In a series of pointed criticisms leveled against the US Securities and Exchange Commission (SEC), pro-XRP lawyer Bill Morgan has highlighted what he views as repeated judicial victory against the SEC’s approach to crypto regulation by enforcement. His remarks draw on several recent cases where federal judges have questioned the SEC’s stance that digital tokens akin to XRP constitute securities.
Why The SEC Lost: Pro-XRP Lawyer
Bill Morgan’s evaluation cites three distinct federal court rulings which collectively undermine the SEC’s long-standing assertion that cryptocurrencies needs to be treated similarly to traditional securities under the law. Morgan shared his comments via X, emphasizing the importance of those judicial opinions in shaping the longer term regulatory landscape of cryptocurrencies.
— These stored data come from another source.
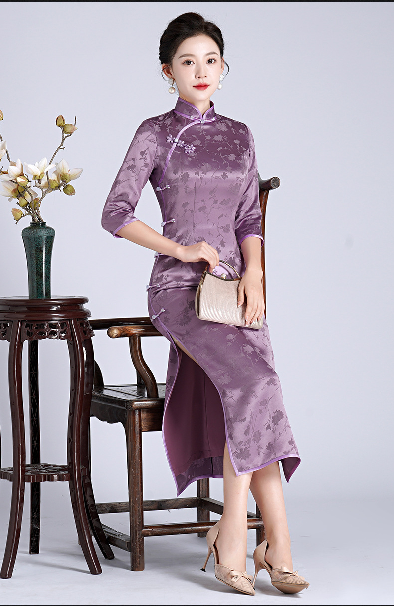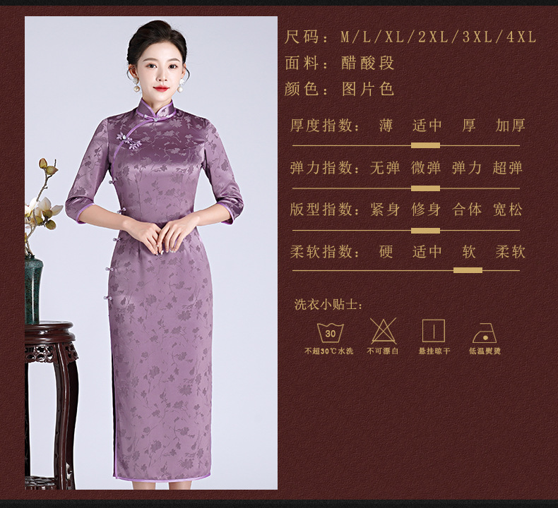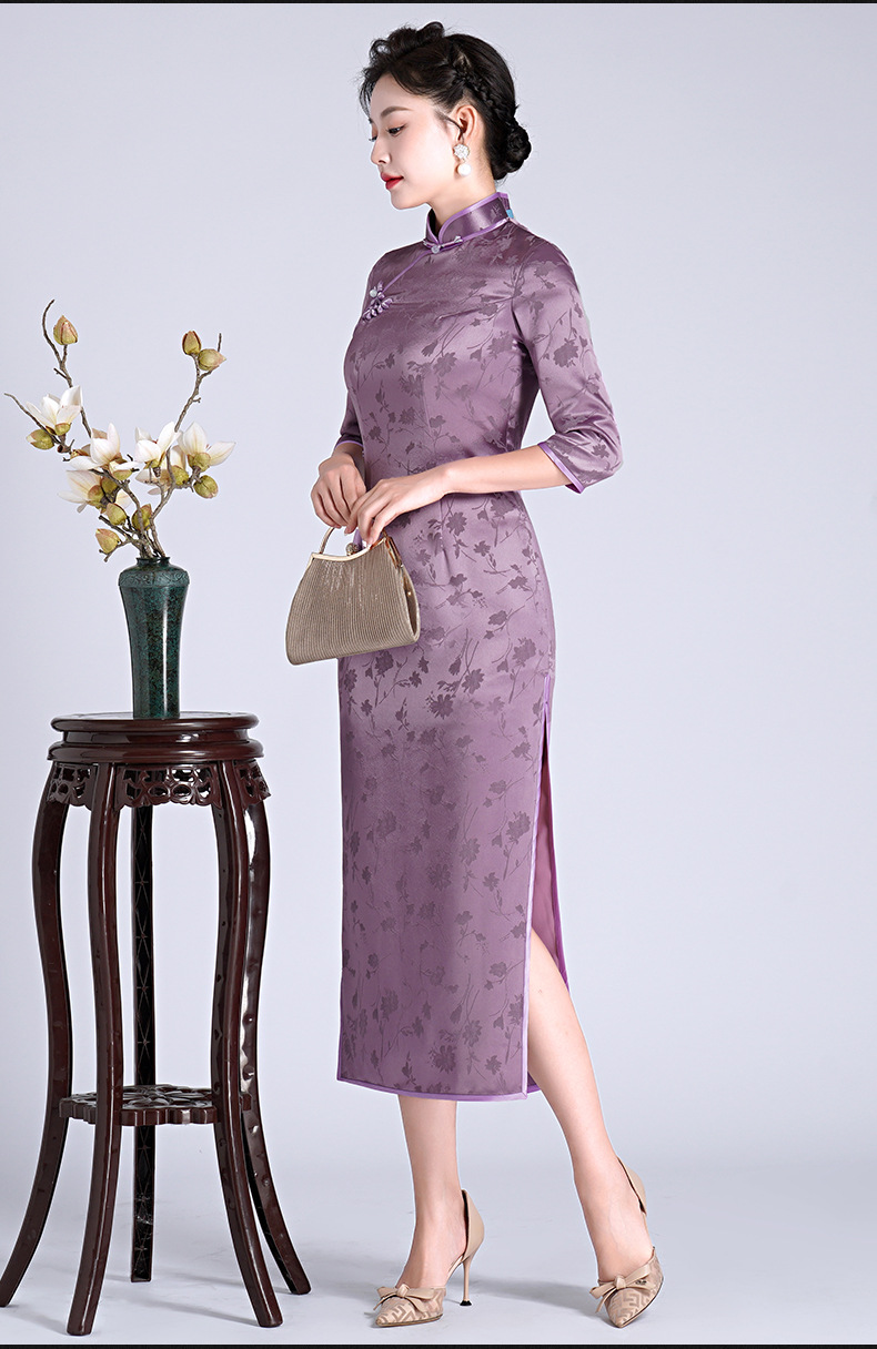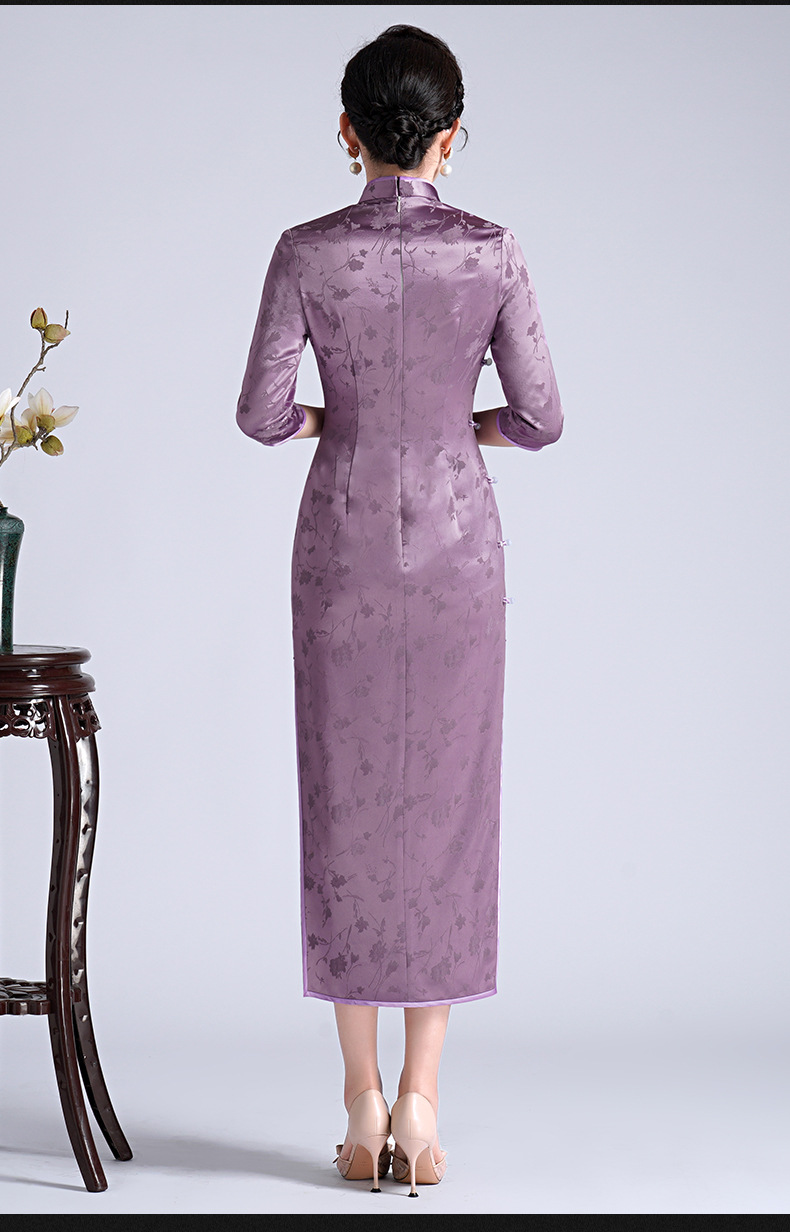 国风立领旗袍连衣裙,中式复古修身显瘦长款旗袍LHS-06187
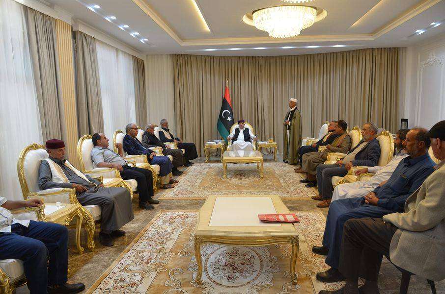 بدوره، نقل رئيس مجلس النواب عقيلة صالح عن وفد من قبيلة «منصور أعبيدات»، التقاه الأحد في مدينة القبة، تأييده لقوانين الانتخابات الرئاسية والبرلمانية التي أصدرها مجلس النواب، وفقاً لمخرجات لجنة «6+6».
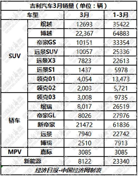 在传统业务板块持续发力的同时,吉利新能源和MPV新产品序列也为其3月销量作出一定贡献。其中,吉利新能源汽车3月总销量为8122辆,首款MPV车型嘉际销量为3085辆。
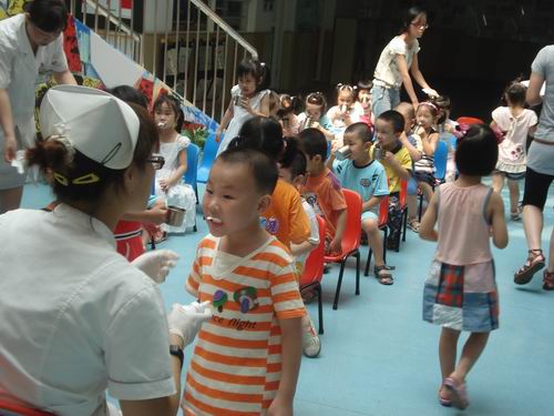 6月20日妇幼保健院的医生来我园给小朋友们进行了护齿。
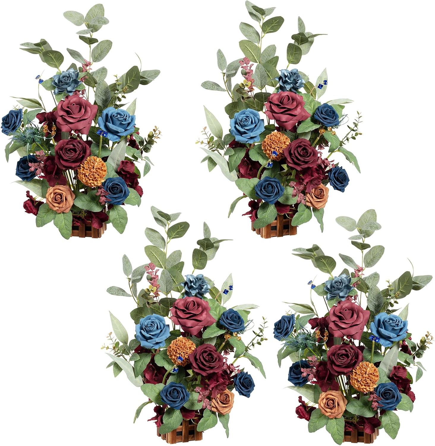 • WEDDING FLORAL DECOR DETAILS: Free-standing flower arrangement x 4, helps to create a romantic fall, burgundy & navy blue or winter wedding. These pre-made floral arrangements are perfect for decorating the wedding aisle, welcome entrance, table centerpieces, and wedding arch decor.
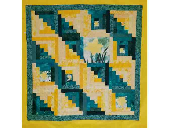 This beautiful quilt will fill the room with the colors and feeling of Spring. Measuring 30x30 it is a perfect smaller size for a table top, a baby gift or a beautiful decoration.
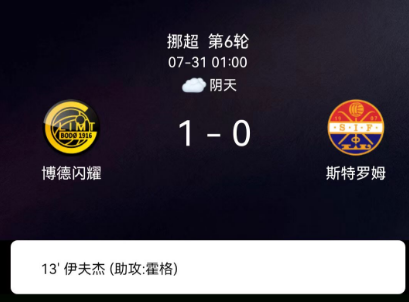 北京时间7月31日,挪威足球超级联赛第6轮,博德闪耀主场1-0小胜斯托姆加斯特。卡斯帕-霍上半场助攻埃夫连打入全场唯一进球,主队全取三分。
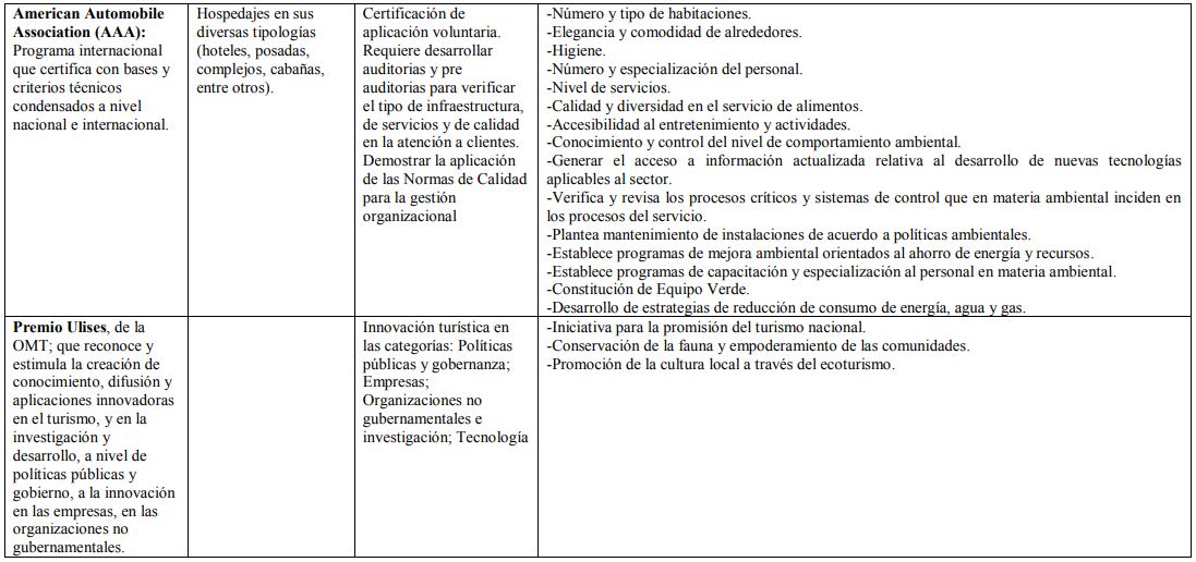 Estos programas de certificación de turismo sostenible, según un estudio desarrollado por la OMT en el año 2002, cuando existían 104 tipos de certificaciones dadas a servicios de alojamientos, de restauración, a instalaciones deportivas y recreativas, a atracciones turísticas, operadores de “tour”, empresas de transporte (turístico) y asociaciones turísticas, se centraban en el desempeño ambiental de las empresas, de los servicios y de los destinos, en la calidad de los productos ofrecidos y en la RSC de las empresas prestadoras del servicio turístico y en los que las certificaciones dependen de “[…] las características de los productos y servicios, […] los procesos productivos, […] con un enfoque de mejora continua.” (Rebolloso y Salcedo, 2007, p. 80). Todo ello permite, al tejido empresarial turístico, no solo asegurar que sus operaciones sean soportadas en el tiempo, sino además “[…] que los productos o servicios identificados con un sello de conformidad sean reconocidos y elegidos por los consumidores, como garantía de seguridad y confianza.” (Rebolloso y Salcedo, 2007, p. 80); de lo cual se desprende la condición de competitividad que la empresa turística obtiene a través de las prácticas del turismo sostenible.
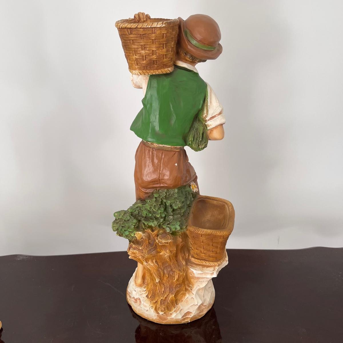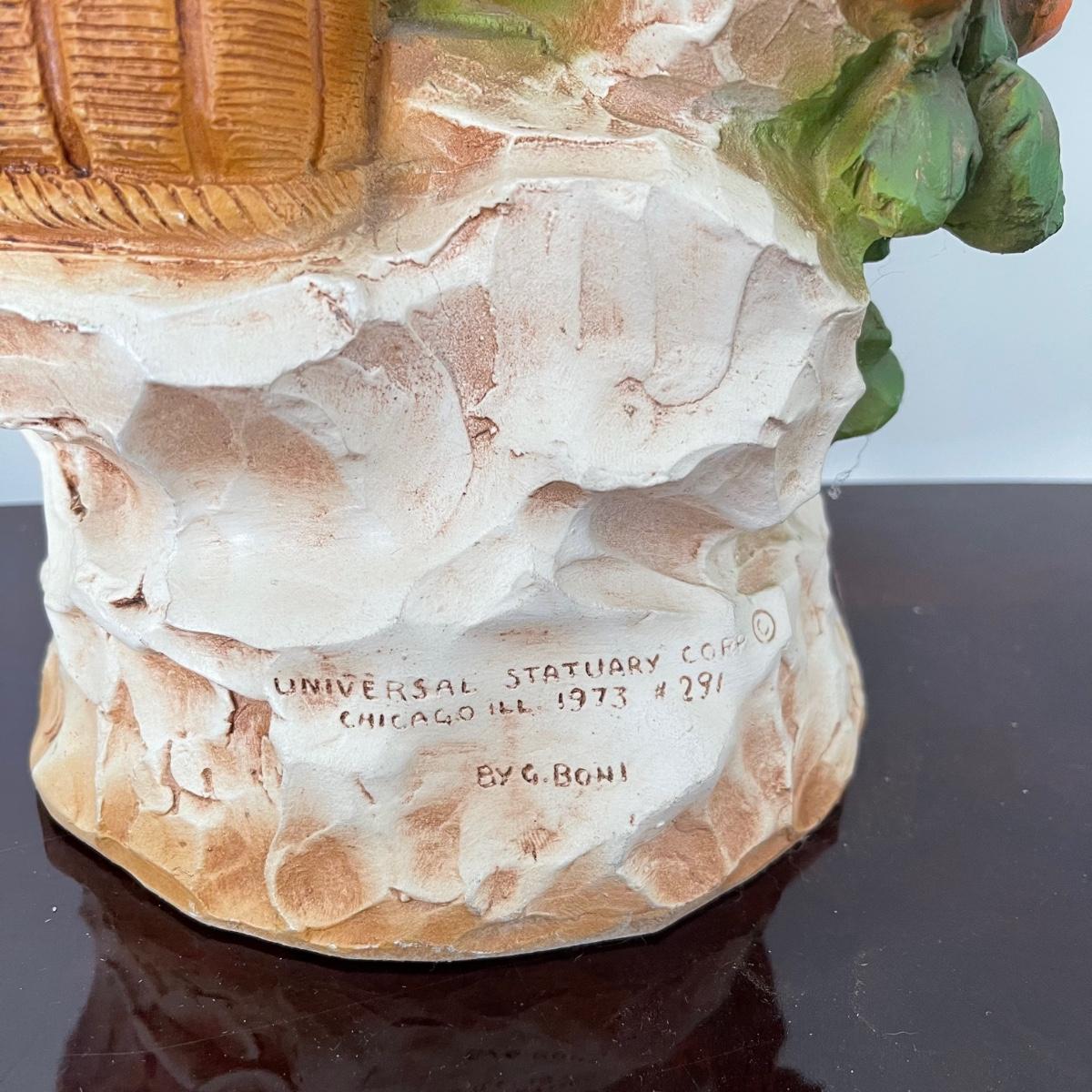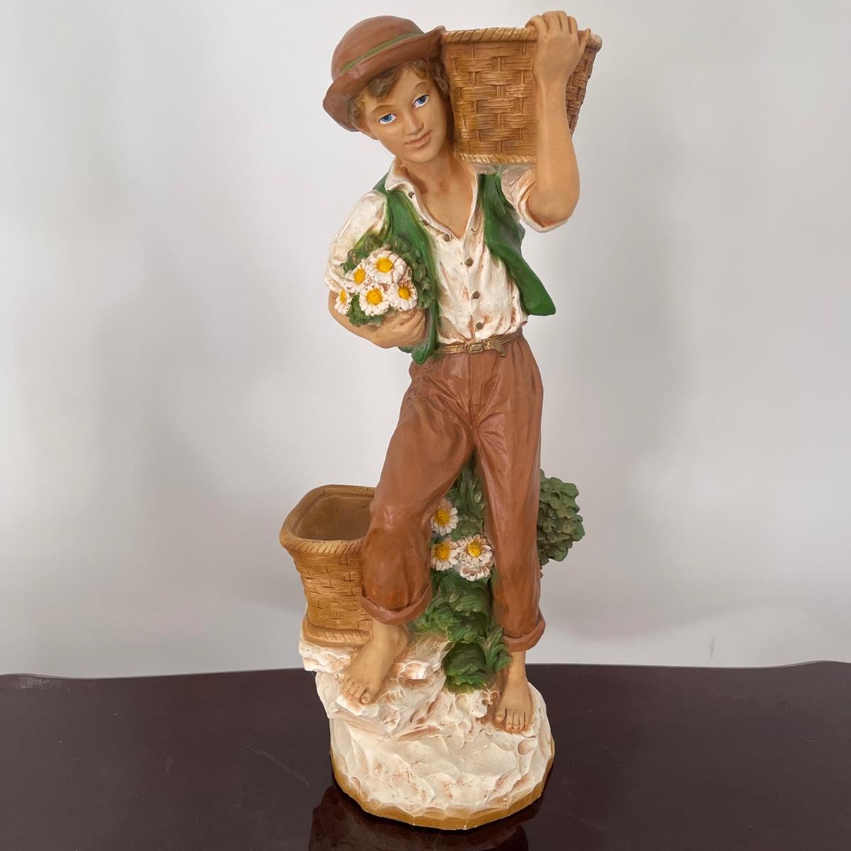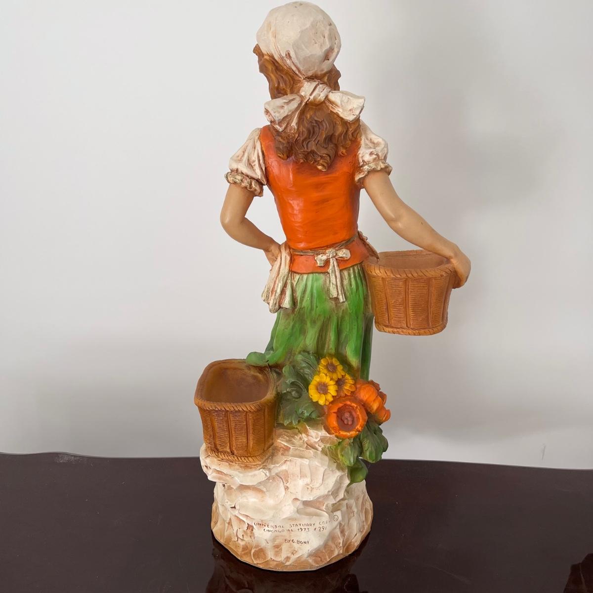 These two Universal Statuary Corp statues stand at about 22 inches tall. The first is a peasant girl with baskets and the inscription identification year and number of 1973 #291 by G. Boni. The second is a peasant boy with baskets and the inscription of 1974 #292, no signature. Shipping available.
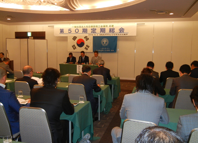 「第50期定期総会」を6月2日、ANAクラウンプラザホテル神戸で開催しました。 総会では、第一号議案「2013年度事業報告承認の件」(第1号議案)、第2号議案「2013年度収支決算書承認の件」、第3号議案「2014年度事業計画案承認の件」、第4号議案「2014年度予算案承認の件」を採択・審議した結果満場一致で承認しました。また「役員人事の件」(第5号議案)では、宋玉植会長の再任を満場一致で承認しました。監事人事は金埈兌監事、原田兼嗣監事の再任を承認、また執行部人事に関しては基本留任することとし、顧問・相談役陣等に関しては会長一任で承認しました。

Within the SEC vs. Ripple case, Judge Analisa Torres notably differentiated the digital currency XRP from traditional securities. Morgan remarked, “Judge Torres in SEC v Ripple told the SEC that the XRP token itself just isn’t a security.” He also cited judge Torres who made clear: “XRP, as a digital token, just isn’t in and of itself a ‘contract, transaction[,] or scheme’ that embodies the Howey requirements of an investment contract.
Further judicial skepticism arose within the SEC vs. Payward Inc. (Kraken case), where Judge William Orrick cautioned the SEC against conflating crypto tokens with investment contracts. Orrick’s statement was particularly striking: “Orange groves aren’t any more securities than cryptocurrency tokens are,” he said.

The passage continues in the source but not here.